RECORD EXTRACTS
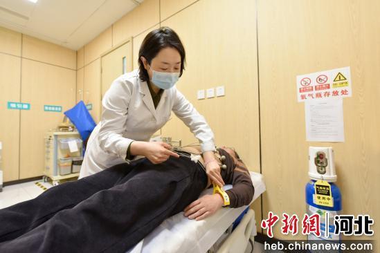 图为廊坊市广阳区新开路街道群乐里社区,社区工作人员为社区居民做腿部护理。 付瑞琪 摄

--

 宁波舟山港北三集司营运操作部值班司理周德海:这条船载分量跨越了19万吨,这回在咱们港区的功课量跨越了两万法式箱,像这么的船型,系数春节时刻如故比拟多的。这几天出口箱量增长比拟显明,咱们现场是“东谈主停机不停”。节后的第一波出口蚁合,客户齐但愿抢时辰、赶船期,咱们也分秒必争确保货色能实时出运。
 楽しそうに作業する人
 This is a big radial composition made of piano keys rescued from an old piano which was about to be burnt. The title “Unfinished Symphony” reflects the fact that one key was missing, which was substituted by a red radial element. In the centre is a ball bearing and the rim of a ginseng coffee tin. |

EXERCISE
Copy the lines above exactly, beginning at the line that has "宁波舟山港北三集司营运操作部" and stopping after the line that has "This is a big", and omit the rest.

RESPONSE TO THE TASK
 宁波舟山港北三集司营运操作部值班司理周德海:这条船载分量跨越了19万吨,这回在咱们港区的功课量跨越了两万法式箱,像这么的船型,系数春节时刻如故比拟多的。这几天出口箱量增长比拟显明,咱们现场是“东谈主停机不停”。节后的第一波出口蚁合,客户齐但愿抢时辰、赶船期,咱们也分秒必争确保货色能实时出运。
 楽しそうに作業する人
 This is a big radial composition made of piano keys rescued from an old piano which was about to be burnt. The title “Unfinished Symphony” reflects the fact that one key was missing, which was substituted by a red radial element. In the centre is a ball bearing and the rim of a ginseng coffee tin. |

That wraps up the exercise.